Given $\cos (A - B) = \cos A\cos B + \sin A\sin B$ . Taking suitable A and B, find $\cos {15^ \circ }$ .

Answer 1

Hint: Given in the equation is a linear equation with the trigonometric terms in it. If the above example is considered, A and B are the variables whose difference is 15. In all such sums of trigonometry, where the angle is unknown always take help of the standard angles which are used in Trigonometry. We just have to find the suitable values of A and B and substitute in the equation given.

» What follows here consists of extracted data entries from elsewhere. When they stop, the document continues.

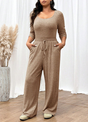 Цей комплект складається з двох предметів, боді в рубчик та штанів. Зручний домашній одяг. Ідеально підходить для тренувань або повсякденного носіння. У комплект входять боді з довгими рукавами та широкі штани. Модель має стандартний крій, трикотаж у рубчик та квадратний виріз горловини. Штани мають кишені.
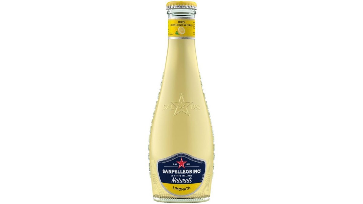 San Pellegrino Limonata, kolsyrad dryck med 16 % juice av noga utvalda solmogna citroner från södra Italien. Smaken är friskt syrlig med en balanserad sötma.
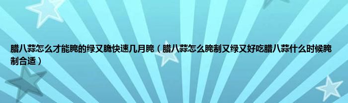 大家好,小科来为大家解答以上问题。腊八蒜怎么才能腌的绿又脆快速几月腌,腊八蒜怎么腌制又绿又好吃腊八蒜什么时候腌制合适很多人还不知道,现在让我们一起来看看吧!
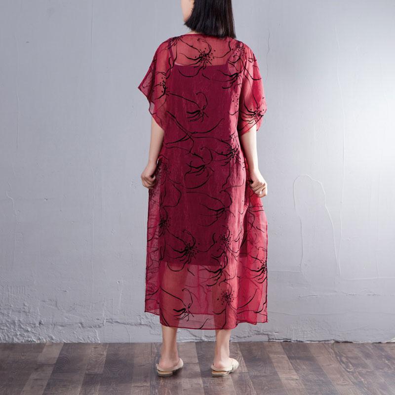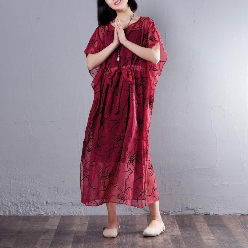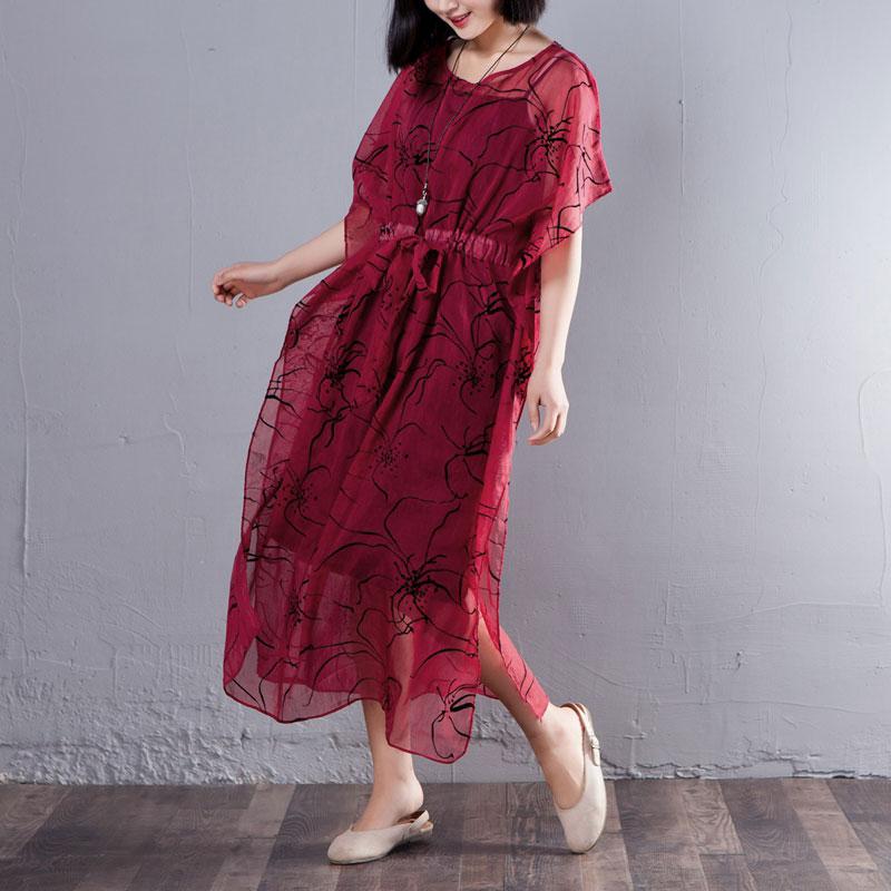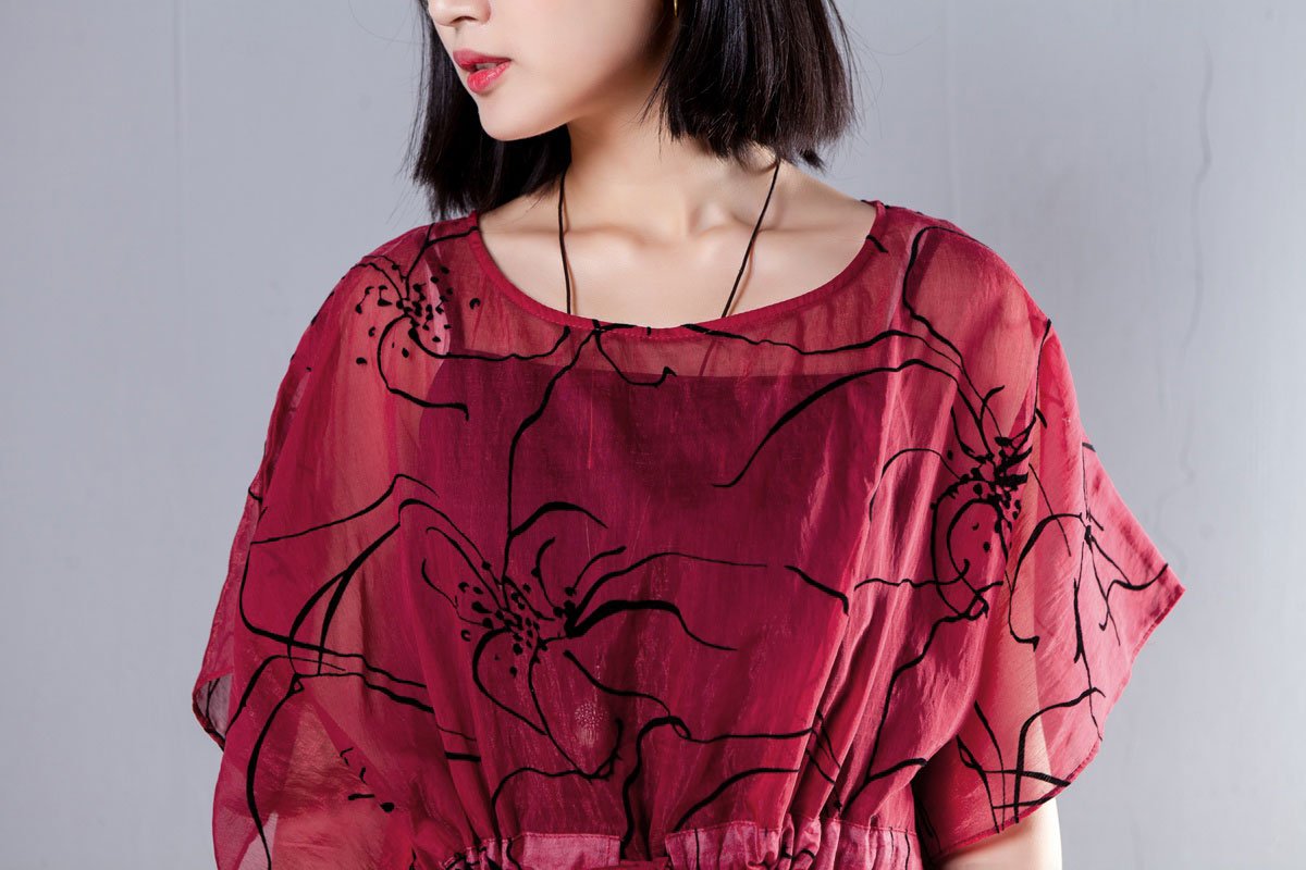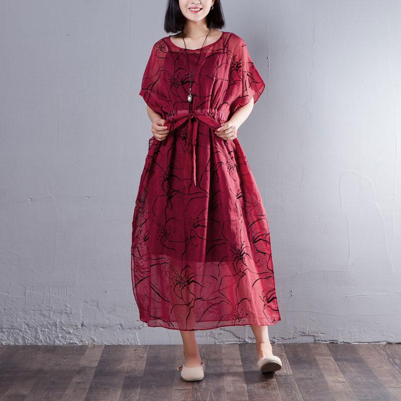 Spring Summer Round Neck Short Sleeve Printed Red Dress
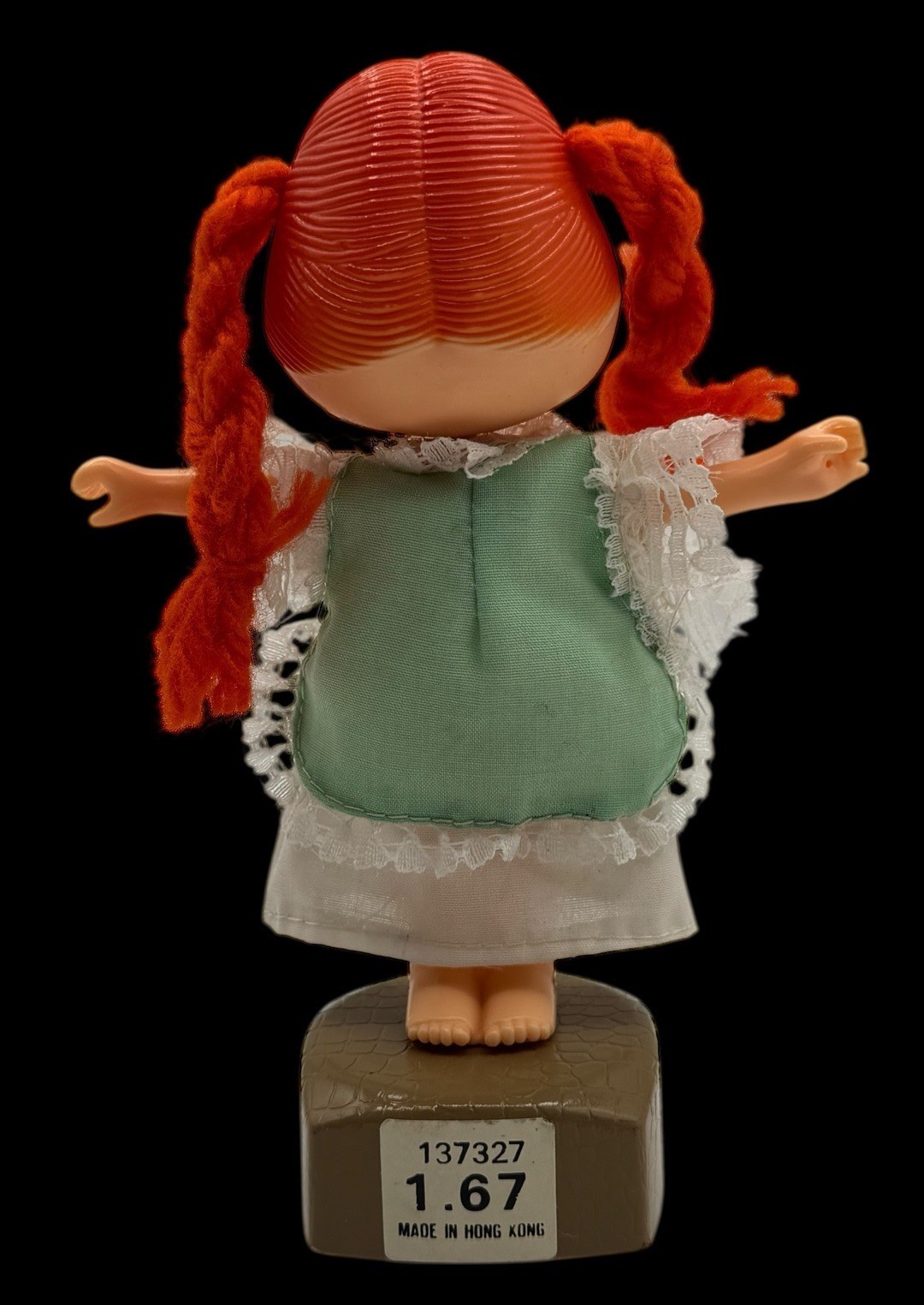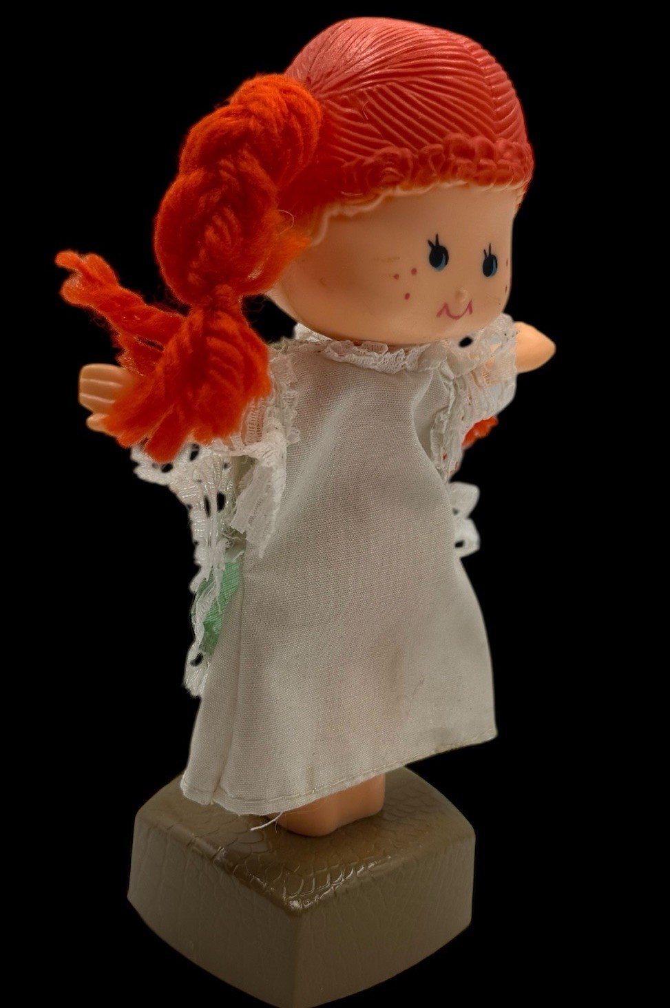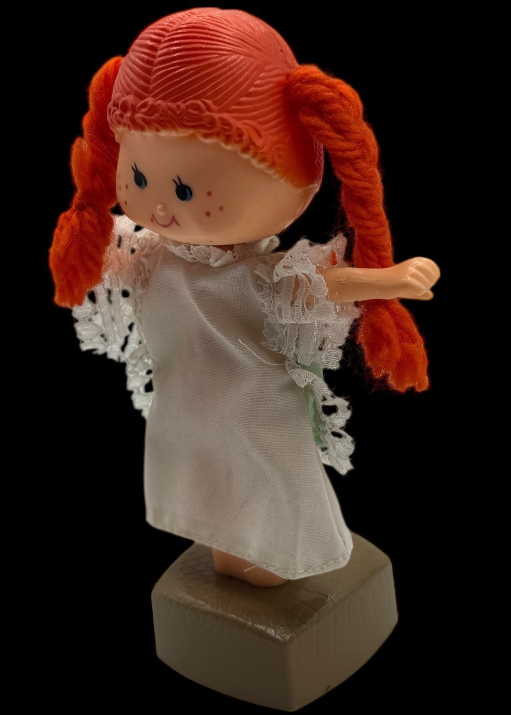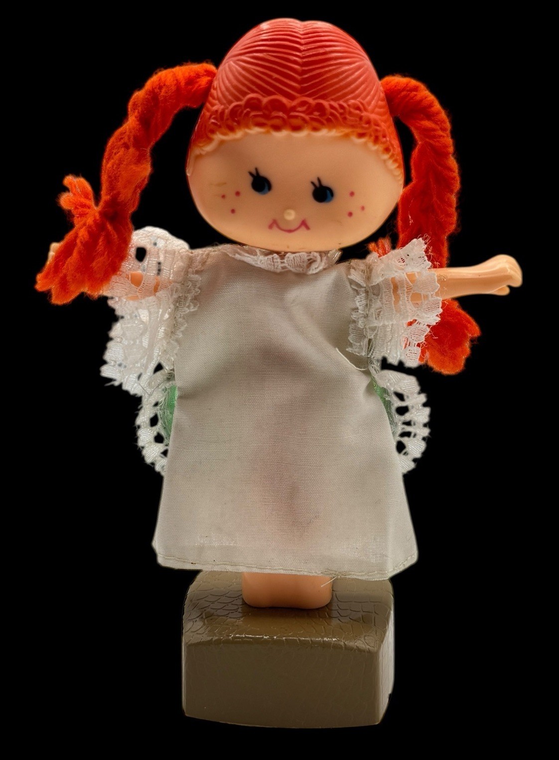- Vintage Thumb Push Button Puppet Toy Collapsible Plastic Doll Girl Orange Hair
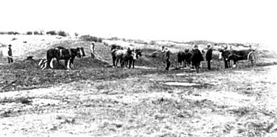 Dos fotografías de la colección del Museo Regional en Trelew muestran la construcción de unos terraplenes.
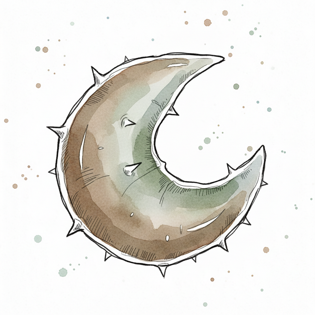 Spitzer Halbmond in Aquarellfarben mit Dornen und Farbspritzern auf weißem Hintergrund.
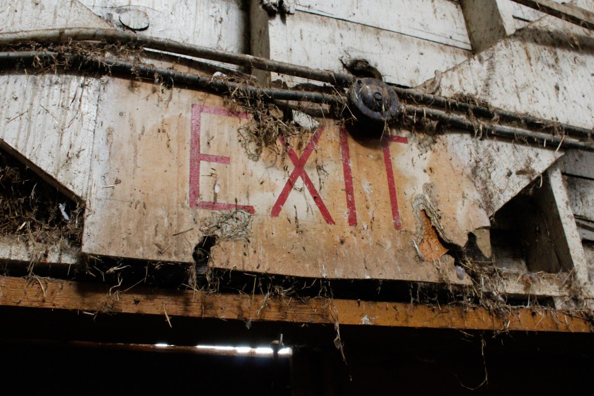 IMG_2578 Previous Next Published August 29, 2018 at 4554 × 3038 in Coldstream Barn/George This frame is a closeup of the “EXIT” sign above the main entrance.
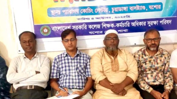 খুলনা এডিশন:: সরকারি কলেজ শিক্ষক-কর্মচারী অধিকার সুরক্ষা পরিষদ, যশোর জেলা কমিটির এক পরিচিতি সভা শহরের চুয়াডাঙ্গা বাসস্ট্যান্ড এলাকায় অনুষ্ঠিত হয়েছে। সভায় প্রধান অতিথি ছিলেন সংগঠনের কেন্দ্রীয় কমিটির সাধারণ
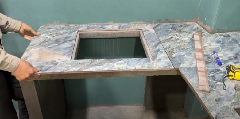 Теперь можно приступать к облицовке столешницы. Сначала отрезаем куски плитки и примеряем по месту. Потом вырезаем в ней отверстия под варочную панель и мойку. Укладываем керамогранит на раствор или клей.
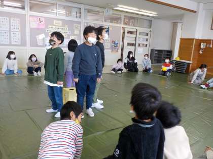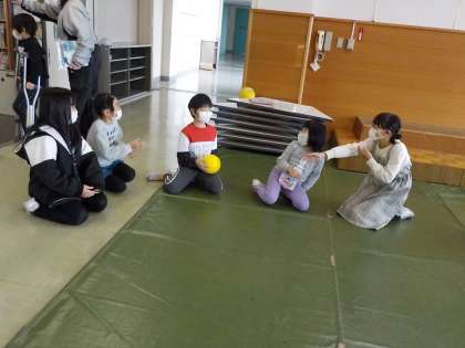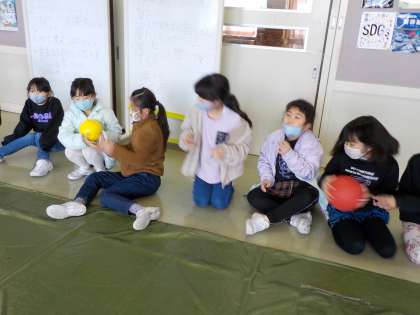 学年で「爆弾ゲーム」をして遊びました。自分のところでボールが止まったら、「?ボックス」のお題に答えることになります。子供たちは、ドキドキしながらボールを友達に渡していました。

Complete answer: Equation given in the question:
$\cos (A - B) = \cos A\cos B + \sin A\sin B$ ---1
 To find: $\cos {15^ \circ }$
We need to find $\cos {15^ \circ }$ , so we start with the LHS of the above equation, i.e. $\cos (A - B)$
We need to understand here that A and B are the angles. So, according to the trigonometric concepts, angles can possibly be ${90^ \circ },{60^ \circ },{30^ \circ },{45^ \circ },{0^ \circ }$
To find, $\cos {15^ \circ }$ we need to have A and B in such a manner that \[A - B = 15\]
Therefore, let \[A = 60{\text{ }}and{\text{ }}B = 45\]
Substituting values of A and B in equation 1, we get,
$\cos ({60^ \circ } - {45^ \circ }) = \cos {60^ \circ }\cos {45^ \circ } + \sin {60^ \circ }\sin {45^ \circ }$
RHS: $\cos {60^ \circ }\cos {45^ \circ } + \sin {60^ \circ }\sin {45^ \circ }$
Putting the values of these trigonometric functions, we get,
$\dfrac{1}{2} \times \dfrac{1}{{\sqrt 2 }} + \dfrac{{\sqrt 3 }}{2} \times \dfrac{1}{{\sqrt 2 }} = \dfrac{{1 + \sqrt 3 }}{{2\sqrt 2 }}$
Equating LHS to RHS, we get,
$\cos {15^ \circ } = \dfrac{{1 + \sqrt 3 }}{{2\sqrt 2 }}$
Therefore, $\cos {15^ \circ } = \dfrac{{1 + \sqrt 3 }}{{2\sqrt 2 }}$.

Note:
Few things should be kept in mind when we come across such questions. Firstly, the concepts of trigonometric equations must be well known. In the above example, we have selected the values of A and B on the basis of their difference. From the angles, ${90^ \circ },{60^ \circ },{30^ \circ },{45^ \circ },{0^ \circ }$ , difference of 15 can be obtained by 2 combinations, 60-45 and 45-30. The above sum is solved using 60-45. You can also try using A=45 and B=30. Both will give the same answer.